Die "Herren von der Landesregierung" stehen nämlich vor mehreren Problemen.
Lehrer kann man sich nicht einfach backen im Ofen, die werden über mehrere Jahre hinweg ausgebildet. Unmengen an Flüchtlingen und die neue Problematik der Inklusion stellen Lehrer vor neue, bisher vollkommen unbekannte Situationen. Theoretisch stehen den einzelnen Schulen schon mehr Lehrkräfte zu, nur herrscht überall eklatanter Lehrermangel. Hessen hat z.B. schon vor einem Jahr eine vierstellige Anzahl an berenteter Lehrkräfte angeschrieben und versucht, diese zu überzeugen, wieder in den aktiven Dienst zu treten. 300 Lehrer haben zugestimmt - die ehemalige Klassenlehrerin meines Jüngsten gehört dazu. Heute unterrichtet sie nur noch Mathe in dieser Klasse. Das ist ihr kompletter Arbeitsvertrag. Viele Klassen haben gar keine eigene Klassenlehrerin und müssen sich mit noch einer anderen Klasse eine Klassenlehrerin teilen. In Schulen unterrichten mittlerweile schon Personen von Fremdberufen. Das ist unschön, aber eine Tatsache. Wäre unsere Schule nicht sowieso Hessens Vorzeigeschule bezüglich Inklusion, würden wir nie die Gelder und das Personal erhalten.
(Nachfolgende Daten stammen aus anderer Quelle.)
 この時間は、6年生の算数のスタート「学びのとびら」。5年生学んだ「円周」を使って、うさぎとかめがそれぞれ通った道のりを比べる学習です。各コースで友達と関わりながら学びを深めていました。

Nicht in jedem Land darf die Schule das AOSF starten. Ich weiß nicht, wie es bei euch ist. Wenn die Eltern das verweigern, kann eben ein total auffälliges Kind auch als völlig gesund gelten. Dann gibt es aber auch keine extra Stunden vom Schulamt und keine Schulbegleitung vom Jugendamt/Sozialamt - die Ämter sehen die Notwendigkeit übrigens schon ein. Aber sie wollen schon einige ärztliche Gutachten sehen. Die Schule kann gegenüber dem Jugendamt nichts machen - das wäre auch übergriffig. Nur die Eltern dürfen das beantragen. Das hat nichts mit unfähig zu tun, sondern mit Gesetzen. Wenn jeder das beantragen dürfte, würden wohl schon die Erzieherinnen im Kiga für die Hälfte der Kinder eine I-Kraft wollen - allein zur Entlastung für sich.
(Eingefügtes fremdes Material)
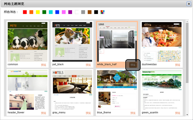 在弹出的主题选择对话框内点击相应主题的"预览"按钮对该主题进行预览。
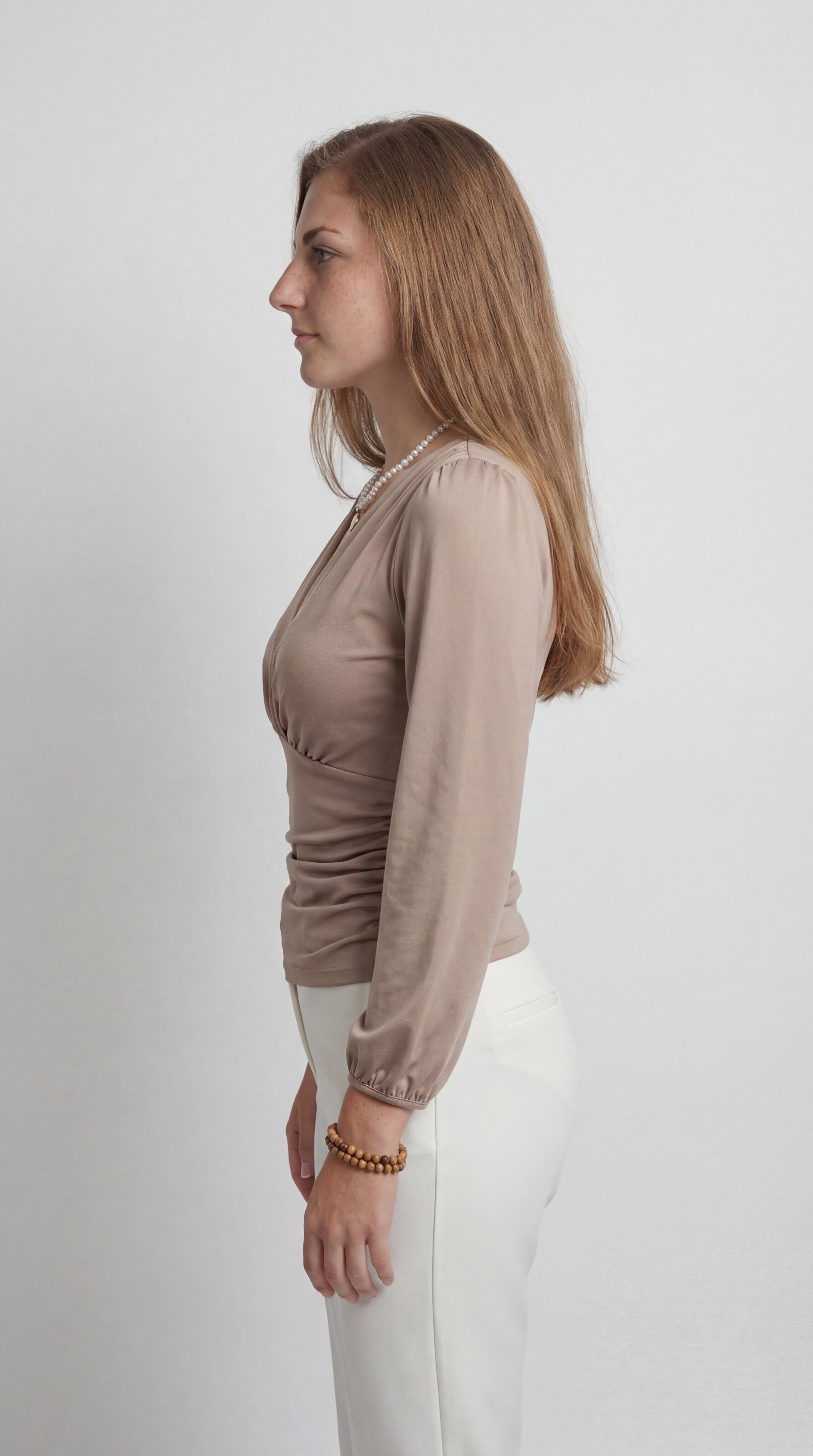 Overslaghals die het decolleté subtiel accentueert voor een vrouwelijke look

Die andere Seite der Medaille muss man nämlich auch sehen: Behinderte sind ein riesiges Geschäft in Deutschland und jeder will daran verdienen. Zahlen muss das Ganze der Staat, manchmal auch die GKV - am Ende also immer der Steuerzahler. Es ist also wichtig und sinnvoll, wenn der Staat (also Sozialamt und Jugendamt) sehr gut kontrollieren, ob und in welchem Umfang Hilfe benötigt wird.
Da hast du völlig Recht. Ist ja grade Wahlkampfthema in NRW--eben weil Inklusion nur funktionieren kann mit mehr Personal und kleineren Klassen. Das bedeutet aber mehr Geld und das wiederum sollte ja durch die Abschaffung der Förderschulen eingespart werden.
Gleiches gilt für den U 3 Irrsinn, wo plötzlich ohne Änderung des Personals 1 und 2 jährige in normale Gruppen gesteckt werden--alles Schnellschüsse, die nicht durchdacht wurden. Aber hauptsache man kann sich das alles auf die Fahne schreiben.